The meaning of the scene struck clear with my first glimpse of it. Satan was leaning forward from a massive throne of heavy black stone cushioned in scarlet and standing on a low broad dais. His robes were scarlet. At his side squatted the ape-faced monstrosity of an executioner, Sanchal. At his left hand stood two figures with veiled faces. One of them held a deep ewer, and the other a golden goblet.
At Satan's feet was a woman, rising from her knees. She was not old, fair haired, and must once have been very beautiful. Her body, seen through the one white robe that was her only covering, was still so. Her wide eyes were fixed with a dreadful avidness upon another golden goblet in Satan's hand. Her mouth was half open, her lips drawn tight against her teeth.

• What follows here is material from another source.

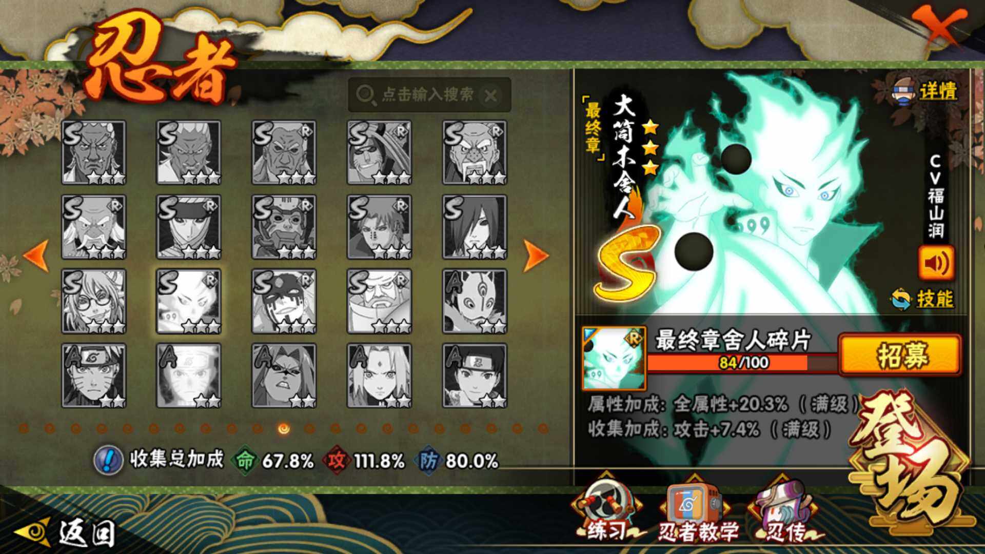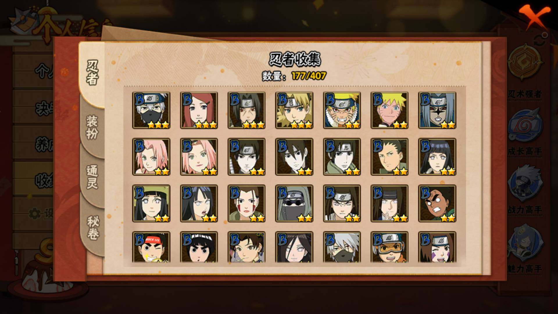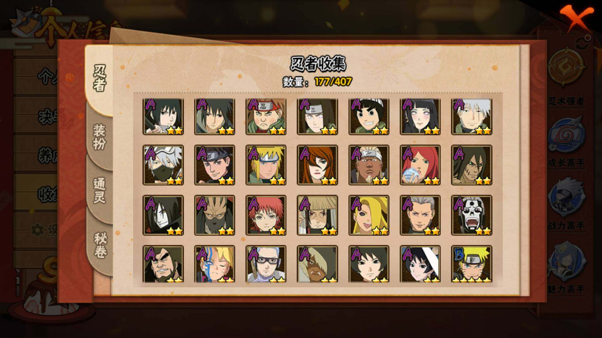 【S级忍者】:猿飞日斩「秽土转生」(3星),宇智波鼬「秽土转生」(3星),宇智波斑「秽土转生·解」(3星),春野樱「忍界大战」(3星),宇智波带土「忍界大战」(3星),宇智波鼬「须佐能乎」(3星),旗木卡卡西「须佐能乎」(3星),千手柱间「木叶创立」(3星),自来也「舞之豪杰」(3星),大蛇丸(3星),波

Her body quivered and strained as though she were about to leap upon him.
The executioner whirred the loop of his cord, and grinned. She shrank back. Satan lifted the goblet high. His voice rolled out, sonorous and toneless.
"You, woman who was Greta von Bohnheim, who am I?"

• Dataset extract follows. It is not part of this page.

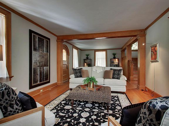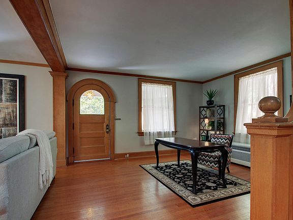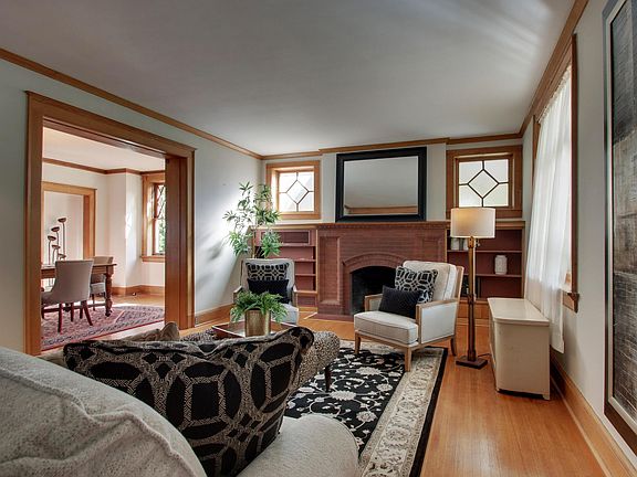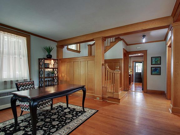 This craftsman style historical brick home with early prairie influence was built by Ernest Wood, a well-known Quincy architect, in 1906 and has been featured in architectural home tours. Graced by quarter-sawn oak woodwork, an arched front doorway, and a wraparound porch, this house has so much to offer. The kitchen underwent a complete remodel recently with custom cherry cabinets, granite countertops, and is open to a new family room. The laundry has been relocated to the second floor. The third floor is large and contains a small kitchen area with a refrigerator (other) and a very nice full bath. For safety, a special egress window was installed that provides easy exit if necessary. Zoned heating and cooling. The lovely garden has a small pond. The driveway has two entrances, one on 18th and one on Hampshire.

She answered as tonelessly.
"You are Satan."
"And what am I, Satan?"
She replied:
"You are my God!"
I felt Barker shudder. Well, I was doing a little shivering myself. The infernal litany went on.
"You shall have no God but me!"
"I have no God but you, Satan!"
"What is it, woman, that is your desire?"

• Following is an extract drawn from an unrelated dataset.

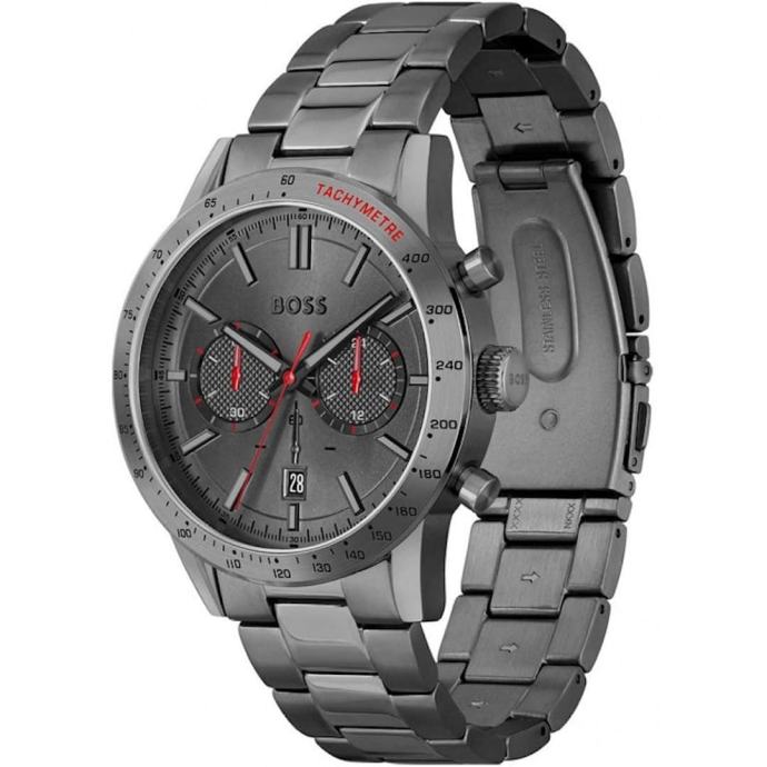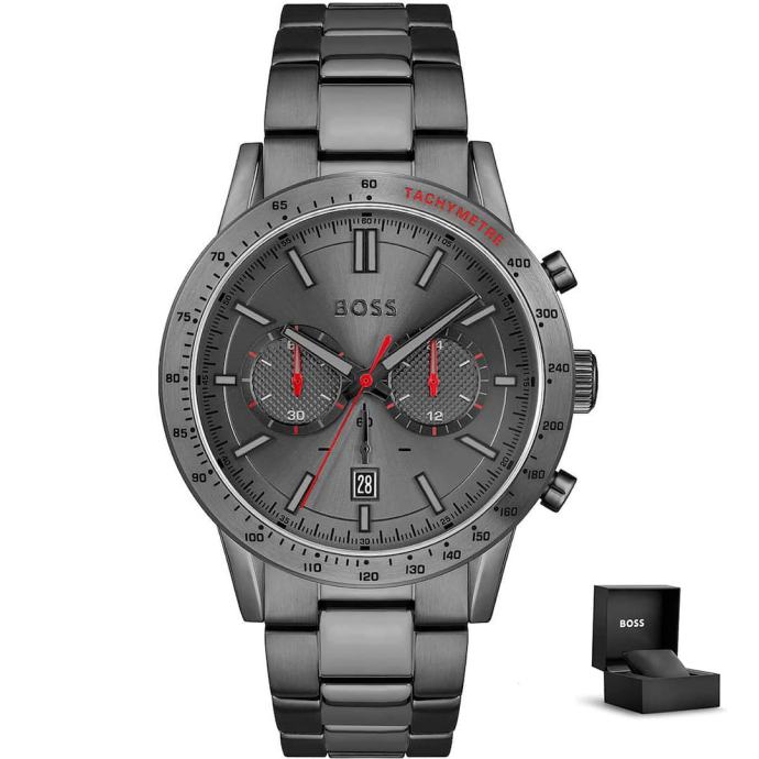 Moška ročna ura Hugo Boss Allure 1513924Moška ročna ura Hugo Boss Allure 1513924 združuje prestiž in sodoben dizajn, ki je popoln za samozavestnega moškega. Ohišje in kovinski pašček v elegantni sivi barvi ustvarjata prefinjen videz, medtem ko rdeči kazalci dodajo dinamičen kontrast. Ura je opremljena s kronografom za natančno merjenje časa, kar ji daje funkcionalnost in stil, primeren za vsako priložnost.Lastnosti in prednosti ure: Eleganten siv dizajn z rdečimi poudarki: Siva številčnica s srebrnimi oznakami in živahnimi rdečimi kazalci ustvarja edinstven kontrast, ki pritegne pozornost in daje prefinjen videz. Kronograf za natančno merjenje časa: Funkcija kronografa omogoča natančno merjenje časa pri športnih aktivnostih in vsakodnevnih opravkih, kar povečuje uporabnost ure. Vodoodpornost 50 m (5 ATM): Ura je odporna na vodo pri tuširanju in pranju avtomobila, kar omogoča brezskrbno uporabo v različnih pogojih. Kovinski pašček iz nerjavečega jekla: Trpežen kovinski pašček zagotavlja udobje in vzdržljivost ter dodaja uri sodoben, eleganten videz. Luminescentni kazalci in oznake: Prevlečeni z visokokakovostnim luminescentnim materialom, ki omogoča enostavno branje časa v temi, kar povečuje funkcionalnost ure.Tehnične lastnosti: Mehanizem: Analogni s kronografom, ki omogoča natančno merjenje časa, idealen za poslovne in športne aktivnosti. Velikost ohišja: 45 mm, primerna za tiste, ki iščejo uravnotežen videz na zapestju z opaznim slogom. Material ohišja: Nerjaveče jeklo 316L s PVD prevleko, ki zagotavlja odpornost proti praskam in dolgotrajno ohranja sijaj. Debelina ohišja: 12 mm, kar zagotavlja udobno nošenje brez občutka teže na zapestju. Maksimalni obseg: 21,5 cm, omogoča prilagajanje različnim velikostim zapestja za optimalno udobje. Teža: 160 g, kar daje uri občutek kakovosti in robustnosti, a je še vedno udobna za celodnevno nošenje.Zakaj izbrati moško ročno uro Hugo Boss Allure 1513924?Moška ročna ura Hugo Boss Allure 1513924 je idealna izbira za moške, ki želijo združiti eleganco in funkcionalnost v eni uri. Izdelana iz visokokakovostnega nerjavečega jekla 316L, ta ura zagotavlja trpežnost in odpornost proti praskam in koroziji. Vodoodpornost do 50 m (5 ATM) omogoča brezskrbno uporabo med tuširanjem in pranjem avtomobila. Kovinski pašček in luminescentni kazalci dodajo sodoben pridih, medtem ko kronograf zagotavlja natančnost in zanesljivost. Investirajte v uro Hugo Boss Allure 1513924 in uživajte v njeni prestižni estetiki in vrhunski zmogljivosti, ki bo trajala leta.Ura ima 12 mesečno garancijo.Če z nakupom niste zadovoljni, lahko ročno uro v roku 60-ih dni od prejema vrnete na naš naslov, mi pa vam bomo vrnili kupnino.Ročna ura je idealna tudi za darilo, saj jo prejmete v originalni Boss darilni škatlici in originalnimi navodili.Za Hugo Boss ure nudimo brezplačno dostavo po Sloveniji, tako, da lahko hitro in enostavno dobite svoj novi luksuzni dodatek.

Her hands were clenched, and she drew them up to her heart. Her voice was tremulous, and so low that barely could I hear it.
"A man and a child who are dead!"
"Through me they shall live again for you! Drink!"
There was faint mockery in his voice, and derision in his eyes, as he handed the goblet to the woman. She clutched it in both hands, and drained it. She bowed low, and walked away. She passed out of the narrow range of my vision, stepping ever more firmly, face rapt, lips moving as though she talked with one unseen who walked beside her.
Again I felt the cold creep down my back. In what I had beheld there had been something diabolic, something that truly savored of the Prince of the Damned. It betrayed itself in Satan's cold arrogance and pride during the blasphemous litany. It was in his face, his glittering eyes, and in the poise of his huge body. Something truly of Hell that possessed him, emanated from him, hovered around him. As though, as once before I have tried to describe it, as though he were a mechanism of flesh and blood in which a demon had housed itself.
My gaze followed the woman until I could see her no more. The chamber was immense. What I could see of it through the crack must have been less than a third of it. The walls were of rose marble, without hangings or ornamentation of any kind. There were pierced openings like the mouths of deep niches over which silvery curtains fell. There was a great fountain that sent up tinkling jets of water out of a blood-red bowl. Couches of the rosy stone were scattered about. They were richly covered and on them lay, as though sleeping, men and women. There must have been dozens of these, for there were a score of them within my limited vision alone. I could not see the roof.
I thought that these curtained apertures might be cubicles or cells in which the slaves dwelt.